- **ABOUT THIS TASK**
Starting at the top of the entries below, write out each line up to and including the one containing "2:res文件夹里面包括的是". Leave the pictures out.

--- DATA IN THIS EXERCISE Enclosed Below ---

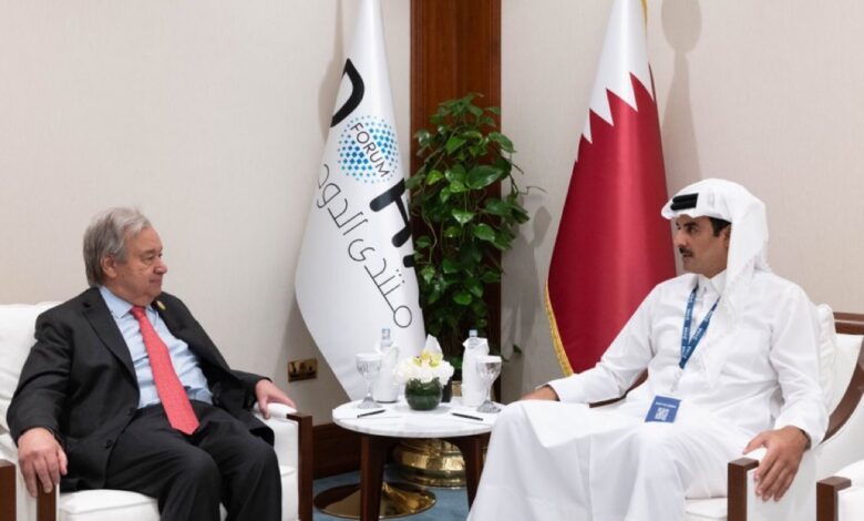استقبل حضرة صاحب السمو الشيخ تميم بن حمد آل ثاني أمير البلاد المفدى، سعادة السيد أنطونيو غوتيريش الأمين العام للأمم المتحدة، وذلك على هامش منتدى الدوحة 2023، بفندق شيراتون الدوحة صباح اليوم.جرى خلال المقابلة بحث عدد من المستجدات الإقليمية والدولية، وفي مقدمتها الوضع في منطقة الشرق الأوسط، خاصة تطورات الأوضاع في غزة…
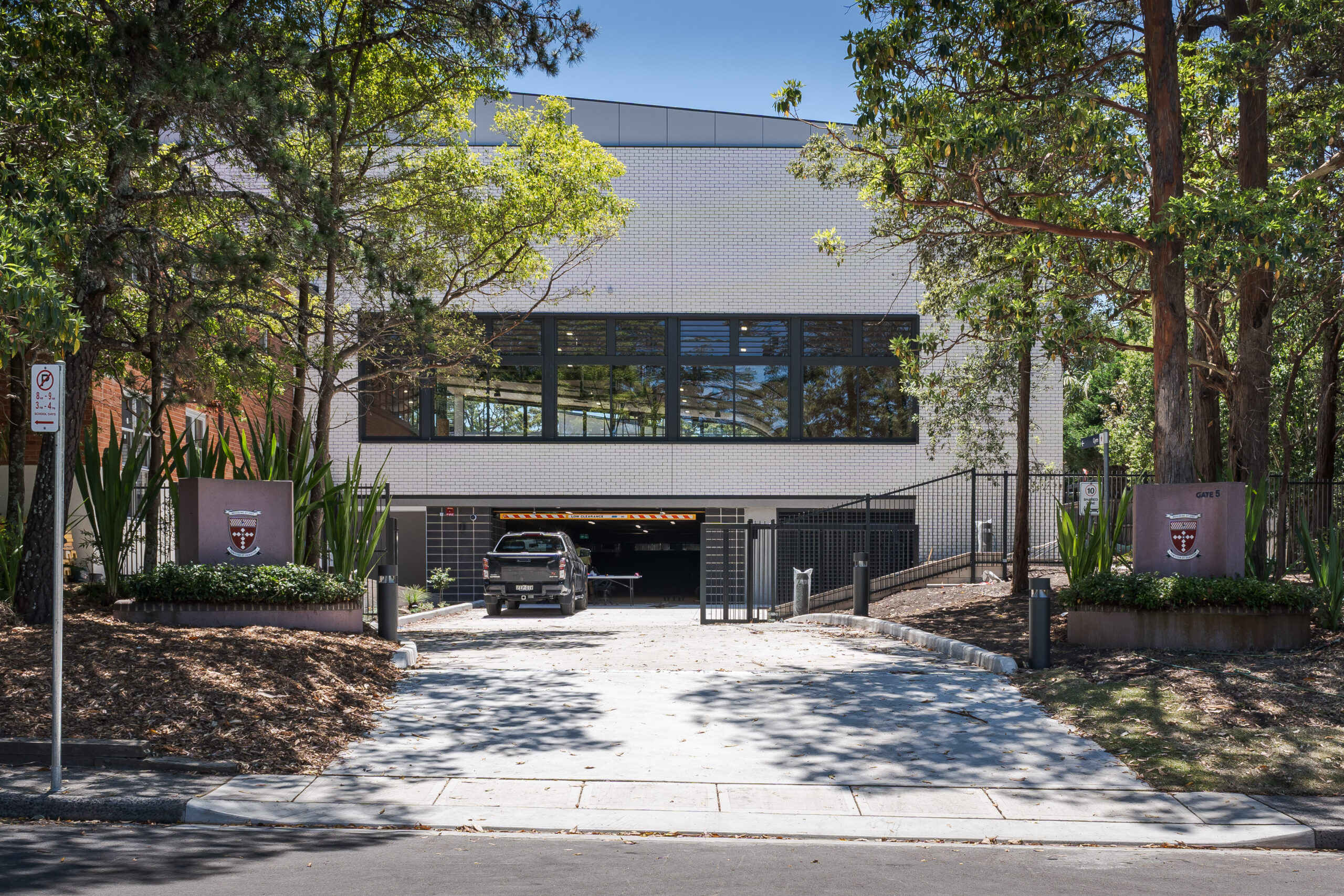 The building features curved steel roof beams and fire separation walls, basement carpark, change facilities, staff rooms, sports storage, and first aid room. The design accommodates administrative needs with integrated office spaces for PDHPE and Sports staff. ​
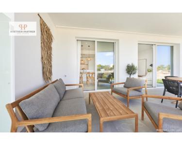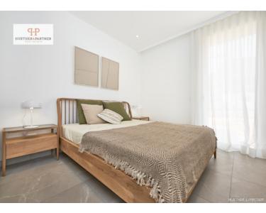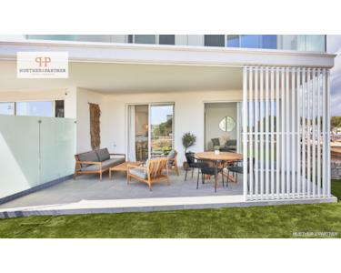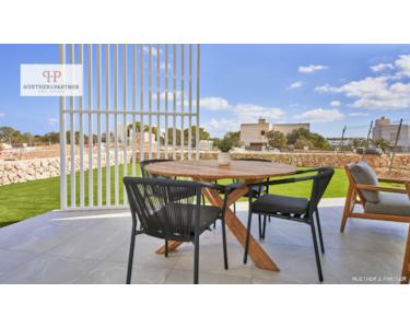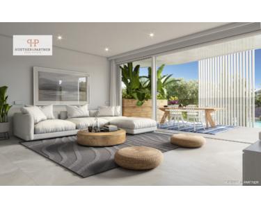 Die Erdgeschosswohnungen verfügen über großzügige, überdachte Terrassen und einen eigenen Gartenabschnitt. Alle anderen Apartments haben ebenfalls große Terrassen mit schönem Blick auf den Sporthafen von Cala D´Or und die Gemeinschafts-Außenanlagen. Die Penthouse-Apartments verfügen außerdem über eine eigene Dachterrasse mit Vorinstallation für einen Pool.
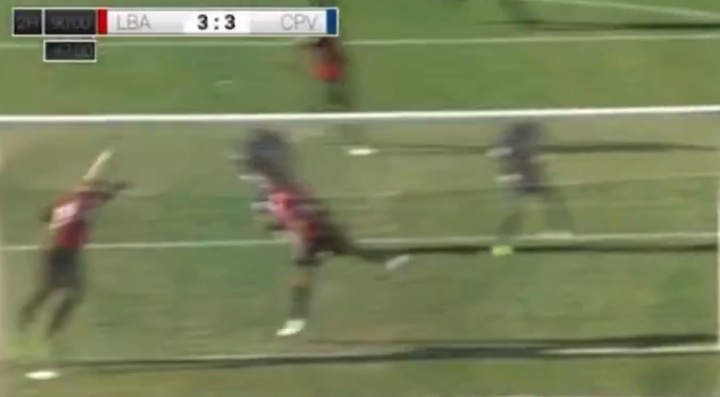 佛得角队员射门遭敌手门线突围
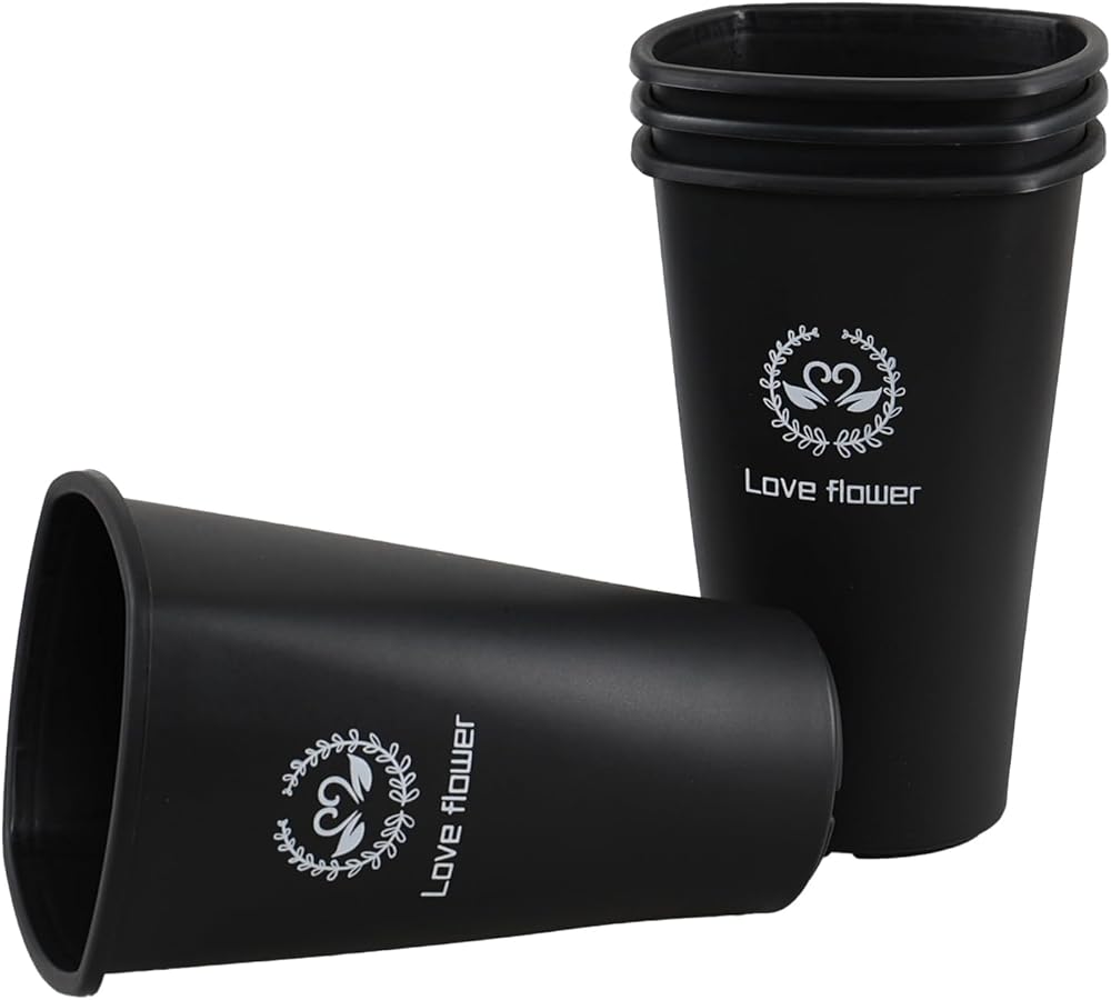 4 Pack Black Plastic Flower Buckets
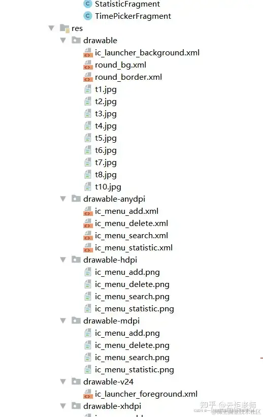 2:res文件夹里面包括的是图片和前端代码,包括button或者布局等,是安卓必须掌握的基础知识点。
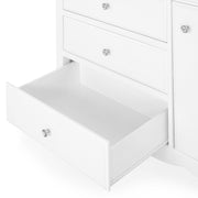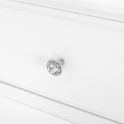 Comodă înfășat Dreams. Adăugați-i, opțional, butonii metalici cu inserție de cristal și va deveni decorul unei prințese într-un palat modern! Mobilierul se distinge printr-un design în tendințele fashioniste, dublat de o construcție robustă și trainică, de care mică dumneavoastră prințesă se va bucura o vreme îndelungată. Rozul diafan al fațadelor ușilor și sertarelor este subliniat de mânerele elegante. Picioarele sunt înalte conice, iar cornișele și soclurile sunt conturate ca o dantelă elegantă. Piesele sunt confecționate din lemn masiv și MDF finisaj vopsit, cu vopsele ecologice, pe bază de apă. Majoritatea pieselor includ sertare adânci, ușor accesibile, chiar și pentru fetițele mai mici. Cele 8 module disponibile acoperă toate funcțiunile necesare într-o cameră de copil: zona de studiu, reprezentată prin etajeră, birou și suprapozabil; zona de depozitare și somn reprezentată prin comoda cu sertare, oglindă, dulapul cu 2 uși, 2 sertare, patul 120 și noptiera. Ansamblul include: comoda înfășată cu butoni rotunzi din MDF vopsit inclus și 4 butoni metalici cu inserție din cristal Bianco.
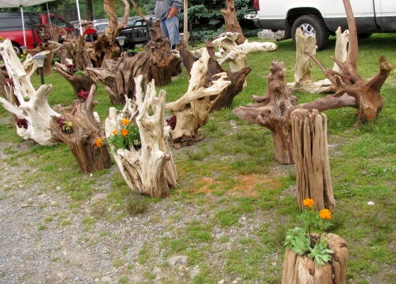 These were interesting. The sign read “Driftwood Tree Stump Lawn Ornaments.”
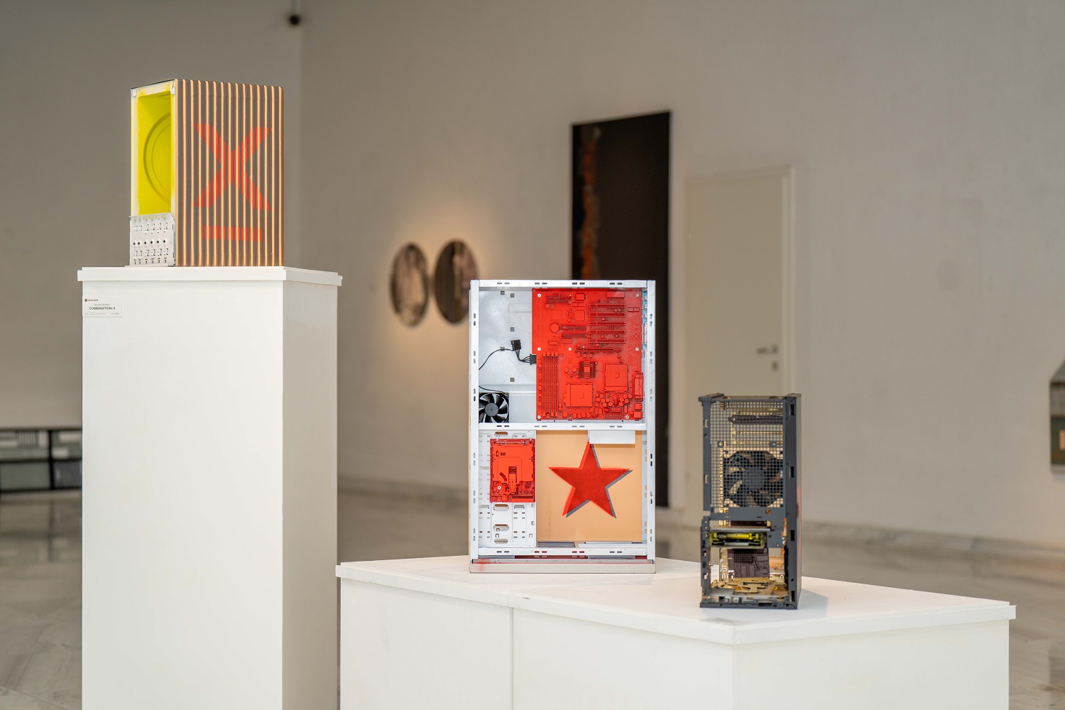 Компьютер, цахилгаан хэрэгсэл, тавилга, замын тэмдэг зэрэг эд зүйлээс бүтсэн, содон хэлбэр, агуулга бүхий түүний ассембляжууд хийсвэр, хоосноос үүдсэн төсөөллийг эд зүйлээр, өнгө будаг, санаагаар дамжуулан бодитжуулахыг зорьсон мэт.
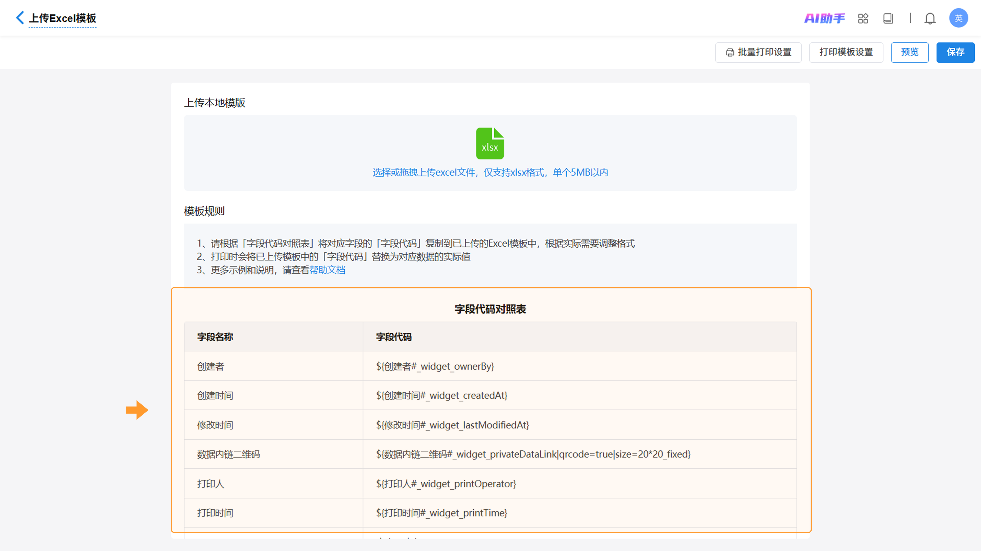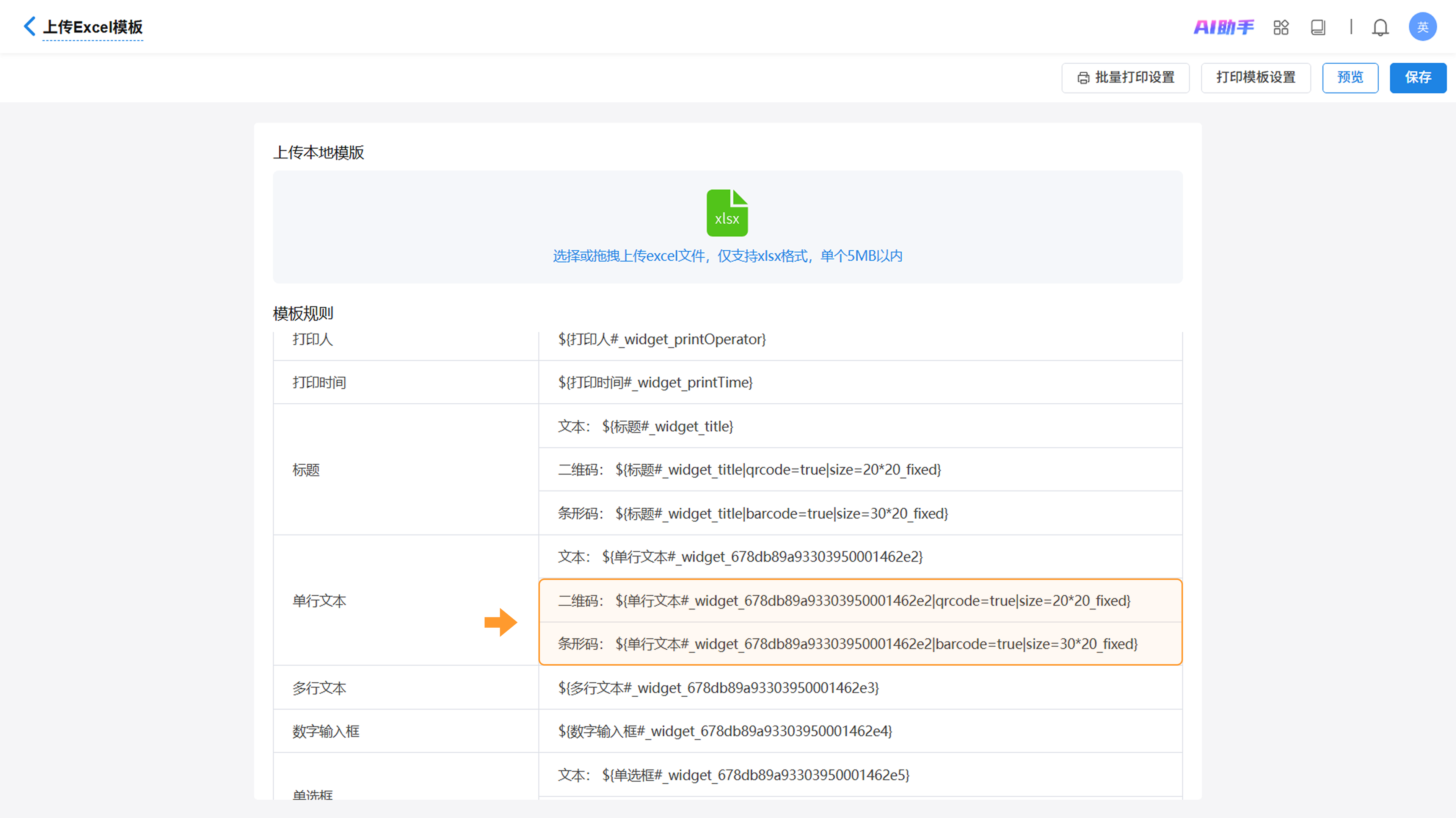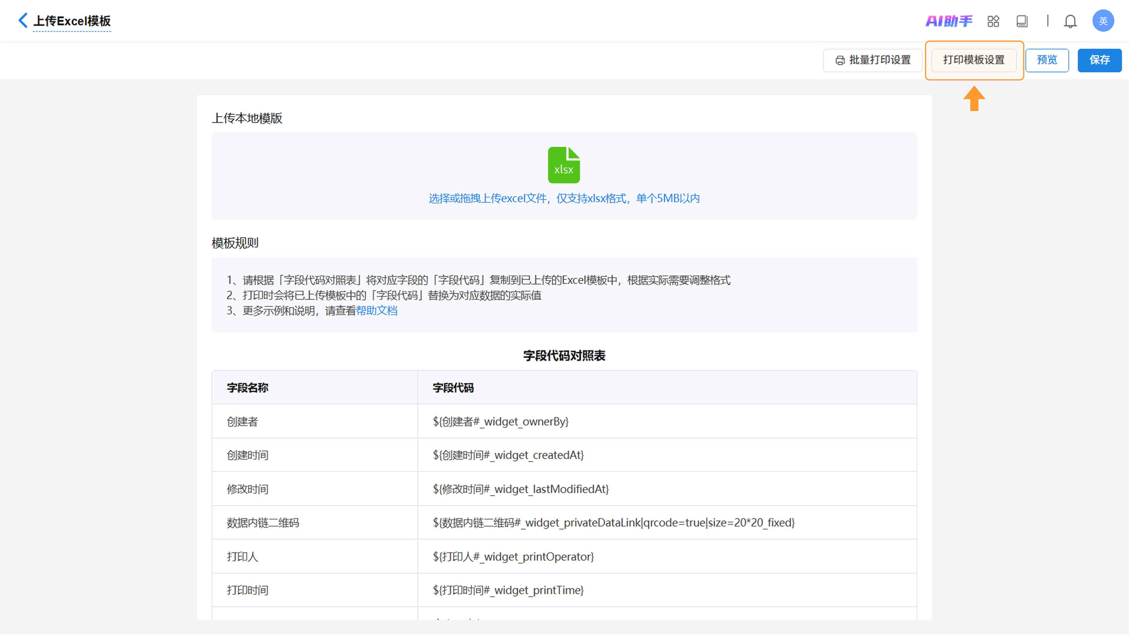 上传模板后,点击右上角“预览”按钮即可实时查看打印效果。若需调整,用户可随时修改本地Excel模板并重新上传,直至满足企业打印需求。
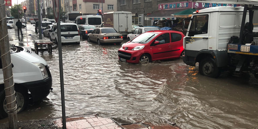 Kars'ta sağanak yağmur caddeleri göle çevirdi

--- End of Enclosed DATA IN THIS EXERCISE ---

- **RESULT OF THIS TASK**
استقبل حضرة صاحب السمو الشيخ تميم بن حمد آل ثاني أمير البلاد المفدى، سعادة السيد أنطونيو غوتيريش الأمين العام للأمم المتحدة، وذلك على هامش منتدى الدوحة 2023، بفندق شيراتون الدوحة صباح اليوم.جرى خلال المقابلة بحث عدد من المستجدات الإقليمية والدولية، وفي مقدمتها الوضع في منطقة الشرق الأوسط، خاصة تطورات الأوضاع في غزة…
 The building features curved steel roof beams and fire separation walls, basement carpark, change facilities, staff rooms, sports storage, and first aid room. The design accommodates administrative needs with integrated office spaces for PDHPE and Sports staff. ​
 Die Erdgeschosswohnungen verfügen über großzügige, überdachte Terrassen und einen eigenen Gartenabschnitt. Alle anderen Apartments haben ebenfalls große Terrassen mit schönem Blick auf den Sporthafen von Cala D´Or und die Gemeinschafts-Außenanlagen. Die Penthouse-Apartments verfügen außerdem über eine eigene Dachterrasse mit Vorinstallation für einen Pool.
 佛得角队员射门遭敌手门线突围
 4 Pack Black Plastic Flower Buckets
 2:res文件夹里面包括的是图片和前端代码,包括button或者布局等,是安卓必须掌握的基础知识点。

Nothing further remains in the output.